Saving money is a crucial part of your financial strategy. It is essential to make sure you are putting your savings in the right places so you can maximize the returns on your investments.
In this article, we will discuss some of the best places to put your savings in to get reasonable returns with lower risk. We will look at how each option works and what factors should be considered when deciding where to invest your money.
- Savings Accounts
Savings accounts are probably one of the best-known banking products. They offer customers a secure way to save their money while earning interest on their deposits. Banks offer a variety of savings accounts with different features, such as ATM access, debit cards, online banking, and bills payment.

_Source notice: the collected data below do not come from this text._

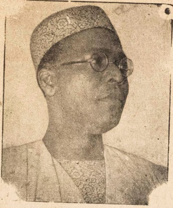
Oloye Obafemi Awolowo Olori Egbe Afenifere

eto nipa ijoko idibo na ni irohin fi ye wa pe awon egbe Oselu pelu igbimo eto ibo si ti jijo ni adahun kanna lori awon agbegbe kan ni ipinle na,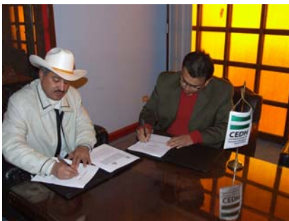
Convenio con Asientos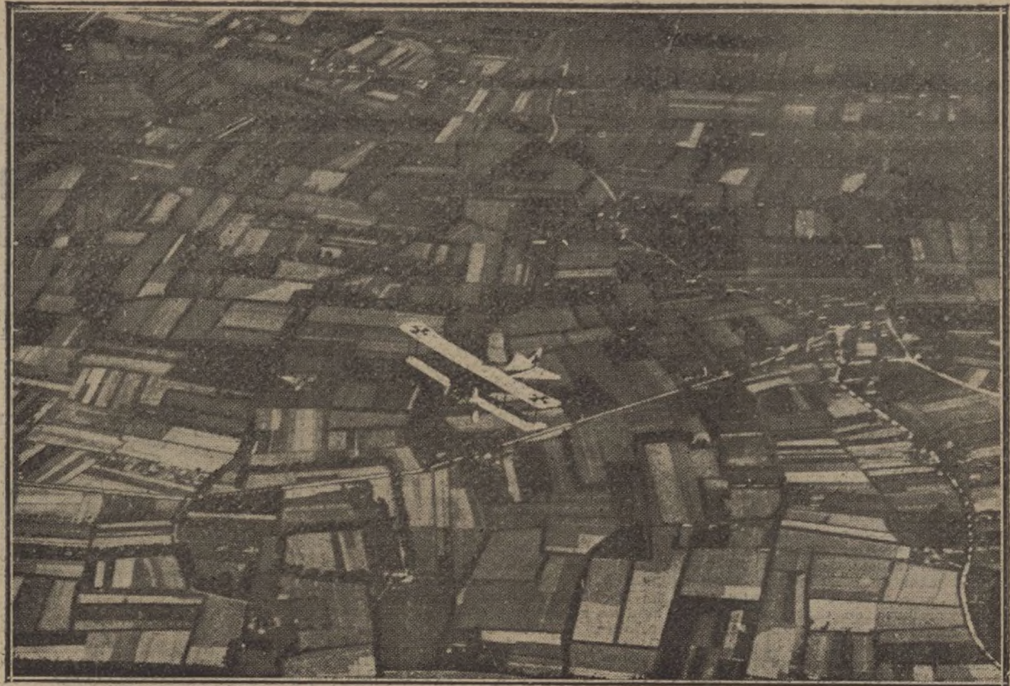
Vuelo de un biplano alemán sobre una ciudad francesa. Fotografía tomada desde otro aeroplano alemán en el momento de cruzar sobre el biplano.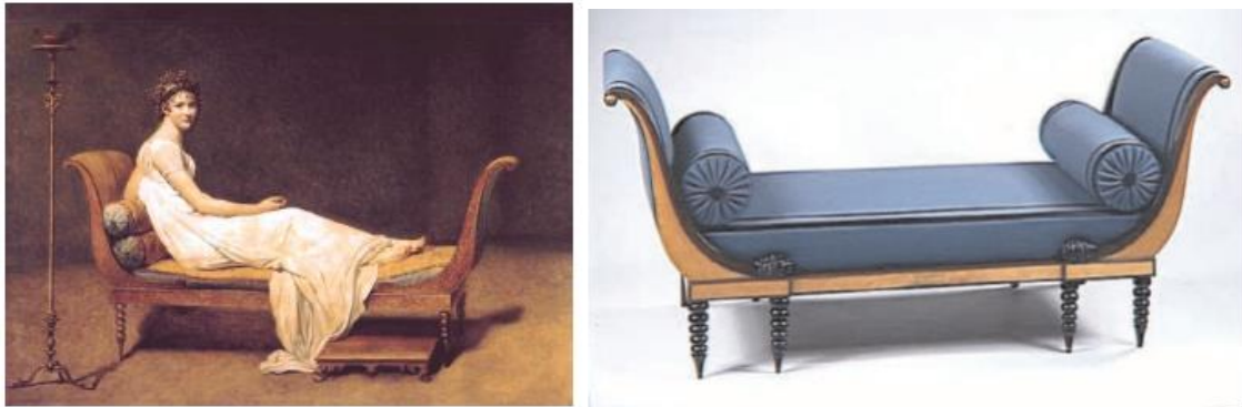
Şekil 1. Madame Recamier, Jacques Louis David, 1800 ve Recamier Şezlong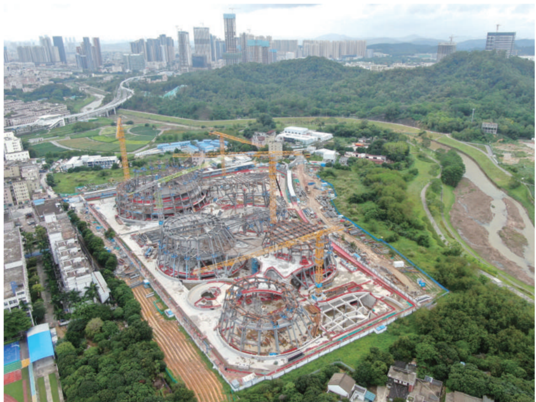
这是建设中的深圳自然博物馆项目。目前，位于深圳市坪山区的深圳自然博物馆项目正处于主体结构施工阶段，计划于6月中旬主体结构封顶。 深圳自然博物馆由中建五局承建，总建筑面积10.53万平方米，集收藏、展览、研究和自然科普教育于一体，是深圳市“新时代十大文化设施”之一。

新华社北京电(记者 赵文君) 记者4月30日从市场监管总局获悉，截至目前，我国已发布7项个体防护装备配备规范强制性国家标准。 个体防护装备，又称劳动防护用品，是保护劳动者在生产生活过程中的人身安全与健康所必备的一种防护用品，对保护劳动者在生产作业过程中免遭或减轻事故等外来伤害发挥着重要作用。 这些标准的发布实施有利于科学指导企业充分辨识、评估作业场所危害因素，有效指导各类生产经营单位为劳动者依法配备个体防护装备，也为监管部门开展安全生产执法检查提供了技术依据。 近年来，市场监管总局(国家标准委)联合应急管理部开展个体防护装备标准化提升三年专项行动，标准聚焦石油、化工、天然气、冶金、有色(金属)、非煤矿山、建材、电力、电子等高危重点行业安全生产工作需求，分行业列出易燃易爆作业、吸入性粉尘作业、有限空间作业、高处作业、带电作业等常见场景以及不同行业、不同工种可能存在的危害因素。同时，还规定了不同工种配备的个体防护装备的建议最长更换期限，以便保障各重点行业从业人员健康安全。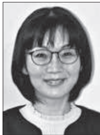
住所：寄居町 趣味：ミュージカル鑑賞 抱負：東秩父村3校目の勤務と なり、深いご縁を感じま す。このご縁に感謝しな がら、村の子どもたち の笑顔と健康を守るサ ポートをしていきたい と思います。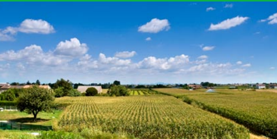
Stienta, paesaggio rurale

While they offer nominal interest rates, savings accounts are convenient for stashing money. They are easy to open and can provide liquidity in case of emergencies.
Savings accounts are also insured by the Federal Deposit Insurance Corporation (FDIC). The FDIC can cover each depositor for up to $250,000 in case of bank failure/closure.
- Money Market Funds
Money market funds invest in low-risk, short-term securities such as treasury bills, certificates of deposits, federal agency notes, repurchase agreements, and corporate commercial paper. These funds offer investors a way to earn higher returns than traditional savings accounts while maintaining a low level of risk. They are often offered by brokerage firms and allow investors to access the money markets without having to buy the securities directly.
- High-Yield Savings Accounts
High yield savings accounts let you earn higher interest than traditional savings accounts. This is because most accounts of this type often require a larger initial deposit amount. Withdrawals or outbound transfers are also limited to six per month before overdraft charges apply. Deposits are also FDIC insured.
One disadvantage with high-yield savings accounts, though, is that interest rates fluctuate. The advertised annual percentage yield (APY) may change after the account has been opened. Still, the returns are still higher than those of regular savings accounts.
- Certificates of Deposits (CDs)
CDs are another means to save money and earn higher interest rates than what you would get from a regular savings account. CDs are offered by banks and credit unions, and they require you to lock in your money for a set amount of time – usually months or years. In exchange for this commitment, you will receive higher interest rates than what is available from other savings accounts.
The typical maturity periods for CDs are 12 months and 60 months. If you need to withdraw your money before the maturity date, there may be penalty fees involved.
- Money Market Deposit Accounts (MMDA)
MMDAs are a type of savings account that typically offer higher interest rates than traditional savings accounts while still providing easy access to funds. MMDAs are often offered by banks and credit unions and are insured by the Federal Deposit Insurance Corporation (FDIC) or National Credit Union Administration (NCUA) up to the legal limits.
Money market deposit accounts work like any other savings account but with some restrictions. They usually require a higher minimum balance than regular savings accounts, and they may also limit the number of transactions you can make each month. Some also offer tiered interest rates, so the interest rate you earn increases as your account balance grows.
Bonds are essentially loans made by investors to borrowers. When an individual, company, or government needs to raise capital, it can issue bonds to investors. You can then purchase these bonds, effectively lending money to the borrower. In return, the borrower pays interest on the bond/s and, upon maturity, returns the principal investment to you.
Bonds are a popular investment option that offers a predictable income stream and a defined term. They are low-risk investment options, particularly government bonds.
- Treasury Bills and Notes
US Treasury bills and notes are short-term and long-term debt securities, respectively, issued by the US Department of the Treasury. They are sold at a discount to their face value and pay interest at maturity. Treasury bills have maturities of less than one year, while Treasury notes have maturities of one to ten years. Both types of securities are backed by the full faith and credit of the US government, making them among the safest investments in the world.
Any of the banking products and investments discussed above can help you grow your savings. As with any investment, it’s important to weigh the risks and benefits when deciding where to put your money in.